## DATA BLOCK
───

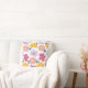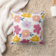 Een prachtig patroon met kleurrijke bloesems in tinten van roze, geel en lavendel. De bloemen zijn geaccentueerd met marinebladeren en ingewikkelde details, waardoor een harmonieus en vrolijk ontwerp tegen een witte achtergrond ontstaat.
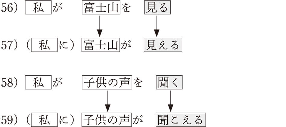 次に、自発形もまた、このような日本人の物事に対するとらえ方を表しています。自発形は出来事が自然に発生することを表す形式ですが、その数自体はそれほど多くはありませんが、日常的によく使われる自発動詞に、「見える」と「聞こえる」があります。
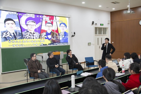 12月13日下午,在政治与国际关系学院院长吴冠军教授的邀请下,中文系汤拥华教授、历史学系瞿骏教授、哲学系朱承教授与吴教授齐聚《学术规范与学术伦理》课堂,从“哪个学科治学最苦、出成果最难?又是哪个学科最好玩?”等问题出发,展开了一场精彩绝伦的论辩。

───

## WHAT TO WORK ON
Take the lines from the one containing "次に、自発形もまた、このよう" through the final line of the listing above and print them exactly, including both ends but no pictures.

## WRITTEN SOLUTION
 次に、自発形もまた、このような日本人の物事に対するとらえ方を表しています。自発形は出来事が自然に発生することを表す形式ですが、その数自体はそれほど多くはありませんが、日常的によく使われる自発動詞に、「見える」と「聞こえる」があります。
 12月13日下午,在政治与国际关系学院院长吴冠军教授的邀请下,中文系汤拥华教授、历史学系瞿骏教授、哲学系朱承教授与吴教授齐聚《学术规范与学术伦理》课堂,从“哪个学科治学最苦、出成果最难?又是哪个学科最好玩?”等问题出发,展开了一场精彩绝伦的论辩。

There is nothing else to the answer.